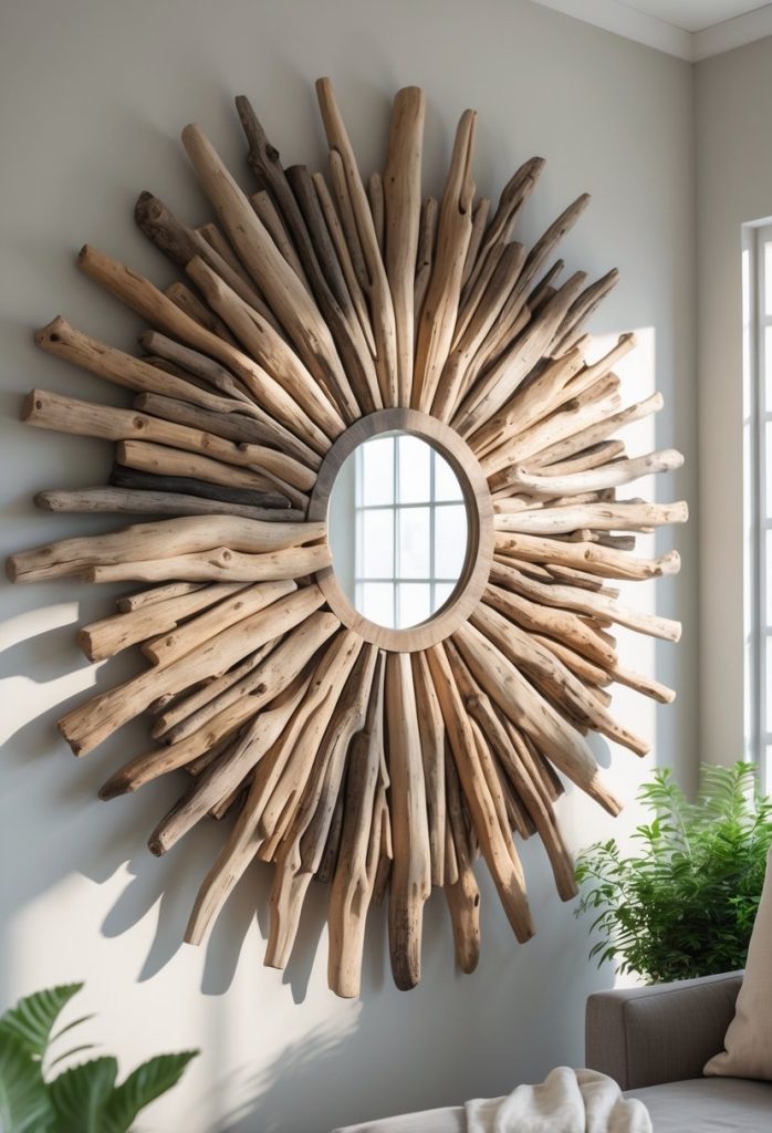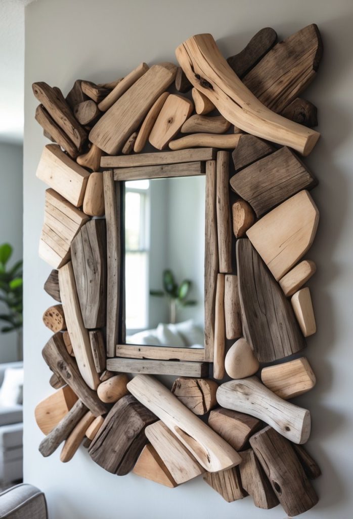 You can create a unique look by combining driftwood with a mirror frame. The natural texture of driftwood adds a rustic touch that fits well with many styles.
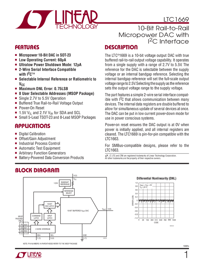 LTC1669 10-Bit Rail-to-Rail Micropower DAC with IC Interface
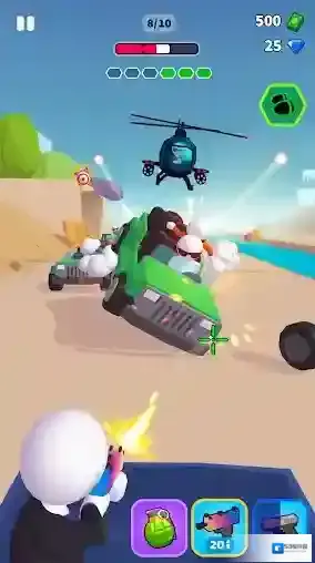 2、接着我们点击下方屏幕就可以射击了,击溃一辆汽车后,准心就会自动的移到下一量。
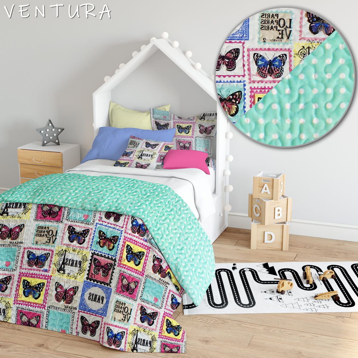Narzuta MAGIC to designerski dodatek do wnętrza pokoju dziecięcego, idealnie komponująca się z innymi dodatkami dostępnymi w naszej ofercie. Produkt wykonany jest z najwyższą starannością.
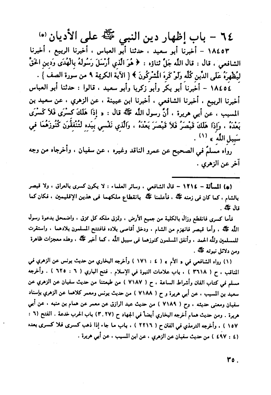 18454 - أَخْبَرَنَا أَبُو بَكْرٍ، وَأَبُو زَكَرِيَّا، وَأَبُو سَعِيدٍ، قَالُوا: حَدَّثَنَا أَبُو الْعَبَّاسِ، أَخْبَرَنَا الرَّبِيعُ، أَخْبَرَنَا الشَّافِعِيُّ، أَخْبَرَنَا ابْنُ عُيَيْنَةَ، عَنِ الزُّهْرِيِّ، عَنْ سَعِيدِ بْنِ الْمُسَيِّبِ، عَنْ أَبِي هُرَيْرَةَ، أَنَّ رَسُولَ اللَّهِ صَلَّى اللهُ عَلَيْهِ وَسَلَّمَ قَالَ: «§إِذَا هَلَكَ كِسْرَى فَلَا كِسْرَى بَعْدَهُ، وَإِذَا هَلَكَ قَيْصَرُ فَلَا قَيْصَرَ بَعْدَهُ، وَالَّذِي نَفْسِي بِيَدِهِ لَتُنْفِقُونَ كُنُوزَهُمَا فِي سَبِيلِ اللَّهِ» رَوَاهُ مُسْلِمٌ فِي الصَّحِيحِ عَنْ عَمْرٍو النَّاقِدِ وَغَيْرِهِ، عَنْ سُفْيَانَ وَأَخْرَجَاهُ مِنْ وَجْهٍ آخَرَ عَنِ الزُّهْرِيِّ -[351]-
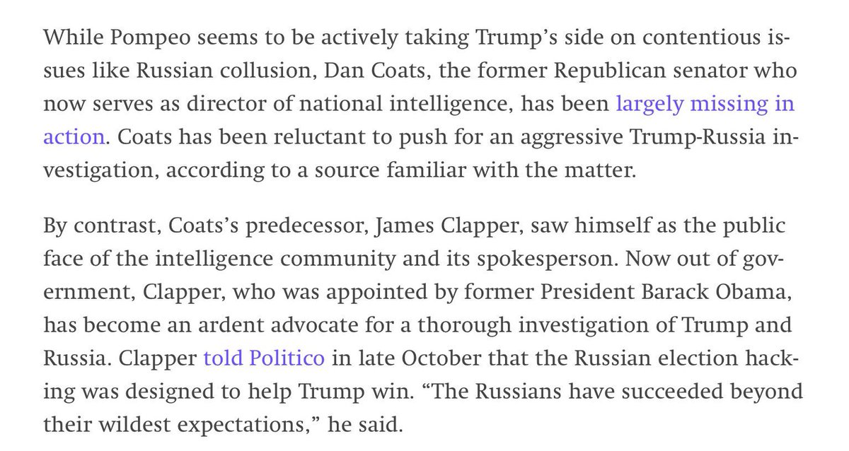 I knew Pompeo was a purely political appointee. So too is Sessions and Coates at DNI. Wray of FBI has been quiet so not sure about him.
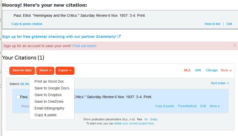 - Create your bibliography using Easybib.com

--------------------

Retype the records above exactly. Leave the pictures out.

> [Solution for this problem]
 You can create a unique look by combining driftwood with a mirror frame. The natural texture of driftwood adds a rustic touch that fits well with many styles.
 LTC1669 10-Bit Rail-to-Rail Micropower DAC with IC Interface
 2、接着我们点击下方屏幕就可以射击了,击溃一辆汽车后,准心就会自动的移到下一量。
Narzuta MAGIC to designerski dodatek do wnętrza pokoju dziecięcego, idealnie komponująca się z innymi dodatkami dostępnymi w naszej ofercie. Produkt wykonany jest z najwyższą starannością.
 18454 - أَخْبَرَنَا أَبُو بَكْرٍ، وَأَبُو زَكَرِيَّا، وَأَبُو سَعِيدٍ، قَالُوا: حَدَّثَنَا أَبُو الْعَبَّاسِ، أَخْبَرَنَا الرَّبِيعُ، أَخْبَرَنَا الشَّافِعِيُّ، أَخْبَرَنَا ابْنُ عُيَيْنَةَ، عَنِ الزُّهْرِيِّ، عَنْ سَعِيدِ بْنِ الْمُسَيِّبِ، عَنْ أَبِي هُرَيْرَةَ، أَنَّ رَسُولَ اللَّهِ صَلَّى اللهُ عَلَيْهِ وَسَلَّمَ قَالَ: «§إِذَا هَلَكَ كِسْرَى فَلَا كِسْرَى بَعْدَهُ، وَإِذَا هَلَكَ قَيْصَرُ فَلَا قَيْصَرَ بَعْدَهُ، وَالَّذِي نَفْسِي بِيَدِهِ لَتُنْفِقُونَ كُنُوزَهُمَا فِي سَبِيلِ اللَّهِ» رَوَاهُ مُسْلِمٌ فِي الصَّحِيحِ عَنْ عَمْرٍو النَّاقِدِ وَغَيْرِهِ، عَنْ سُفْيَانَ وَأَخْرَجَاهُ مِنْ وَجْهٍ آخَرَ عَنِ الزُّهْرِيِّ -[351]-
 I knew Pompeo was a purely political appointee. So too is Sessions and Coates at DNI. Wray of FBI has been quiet so not sure about him.
 - Create your bibliography using Easybib.com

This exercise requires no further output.